### DIRECTIONS FOR THIS TASK
Copy all the entries below exactly, but not the pictures.

Records from a collection:
---------------

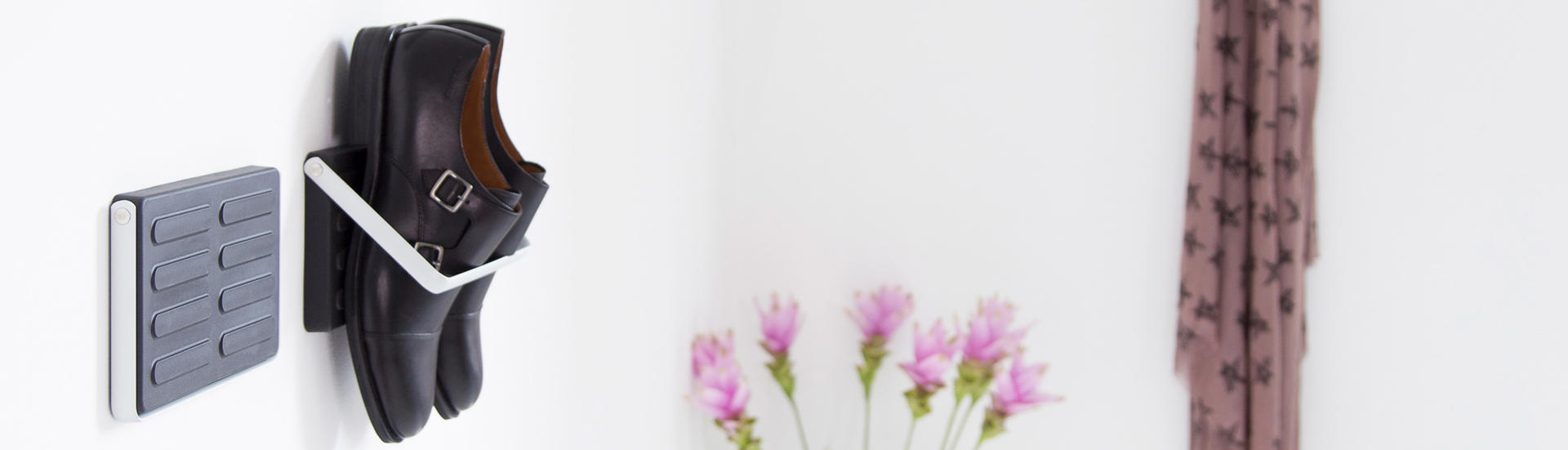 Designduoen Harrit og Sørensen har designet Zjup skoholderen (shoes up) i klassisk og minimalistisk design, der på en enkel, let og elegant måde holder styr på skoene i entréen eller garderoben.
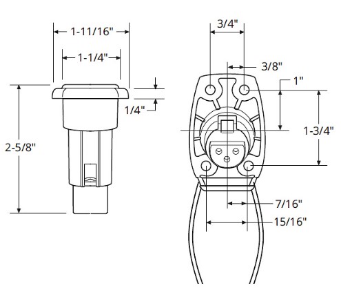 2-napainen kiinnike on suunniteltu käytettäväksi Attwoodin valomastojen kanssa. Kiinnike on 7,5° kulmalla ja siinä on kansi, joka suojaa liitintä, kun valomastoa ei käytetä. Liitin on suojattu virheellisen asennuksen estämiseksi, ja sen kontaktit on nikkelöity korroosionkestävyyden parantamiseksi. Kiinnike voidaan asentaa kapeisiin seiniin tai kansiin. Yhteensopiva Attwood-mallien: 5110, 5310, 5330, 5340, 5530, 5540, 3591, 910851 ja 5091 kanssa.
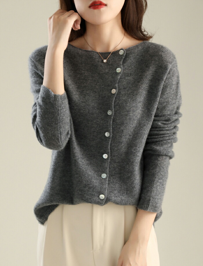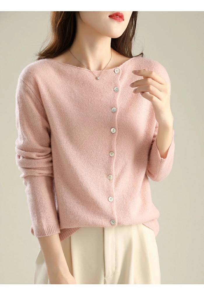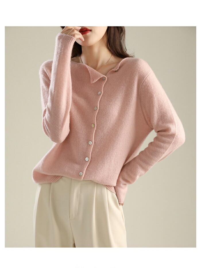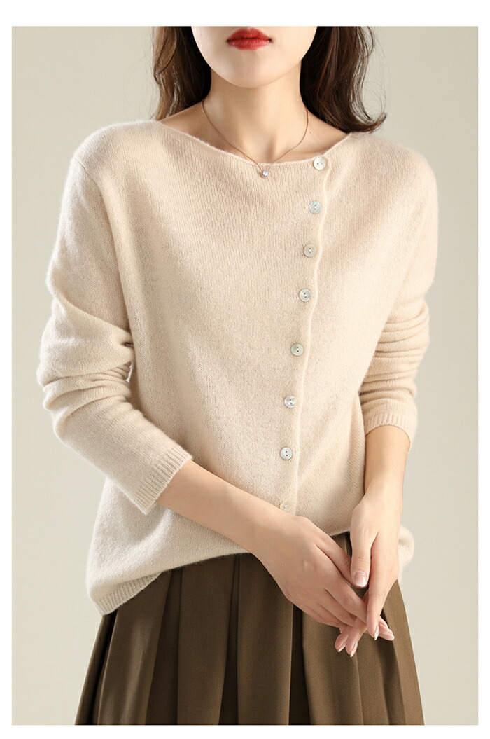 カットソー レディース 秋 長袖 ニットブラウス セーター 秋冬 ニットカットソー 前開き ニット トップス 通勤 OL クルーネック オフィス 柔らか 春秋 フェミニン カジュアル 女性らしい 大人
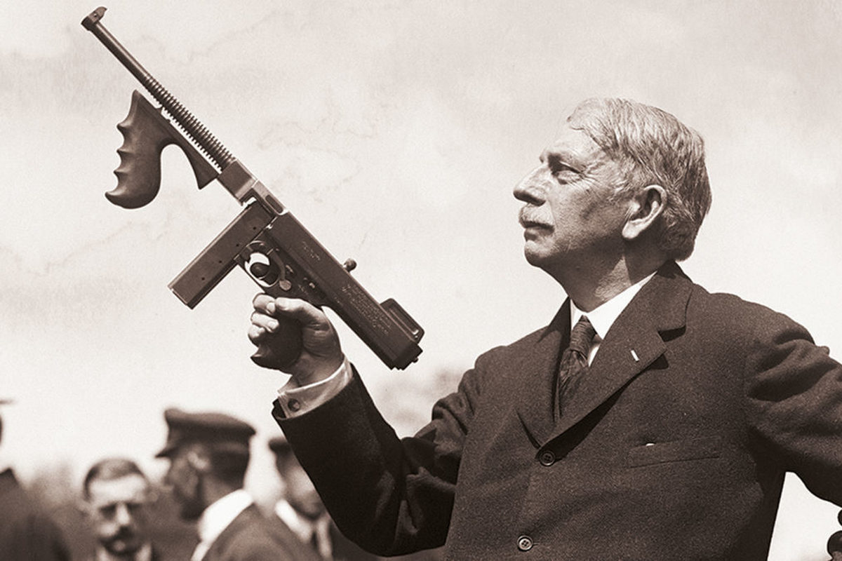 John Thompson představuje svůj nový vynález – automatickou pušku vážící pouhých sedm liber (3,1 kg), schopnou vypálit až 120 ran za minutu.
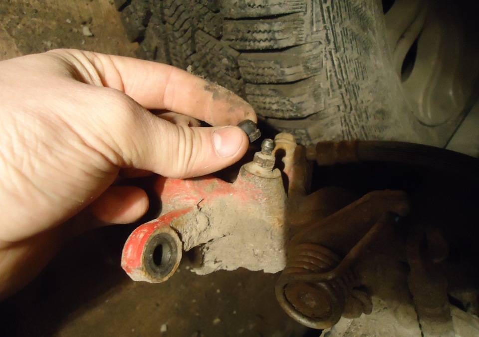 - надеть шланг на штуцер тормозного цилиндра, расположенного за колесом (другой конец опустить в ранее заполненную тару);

---------------

### REPLY TO THE TASK
 Designduoen Harrit og Sørensen har designet Zjup skoholderen (shoes up) i klassisk og minimalistisk design, der på en enkel, let og elegant måde holder styr på skoene i entréen eller garderoben.
 2-napainen kiinnike on suunniteltu käytettäväksi Attwoodin valomastojen kanssa. Kiinnike on 7,5° kulmalla ja siinä on kansi, joka suojaa liitintä, kun valomastoa ei käytetä. Liitin on suojattu virheellisen asennuksen estämiseksi, ja sen kontaktit on nikkelöity korroosionkestävyyden parantamiseksi. Kiinnike voidaan asentaa kapeisiin seiniin tai kansiin. Yhteensopiva Attwood-mallien: 5110, 5310, 5330, 5340, 5530, 5540, 3591, 910851 ja 5091 kanssa.
 カットソー レディース 秋 長袖 ニットブラウス セーター 秋冬 ニットカットソー 前開き ニット トップス 通勤 OL クルーネック オフィス 柔らか 春秋 フェミニン カジュアル 女性らしい 大人
 John Thompson představuje svůj nový vynález – automatickou pušku vážící pouhých sedm liber (3,1 kg), schopnou vypálit až 120 ran za minutu.
 - надеть шланг на штуцер тормозного цилиндра, расположенного за колесом (другой конец опустить в ранее заполненную тару);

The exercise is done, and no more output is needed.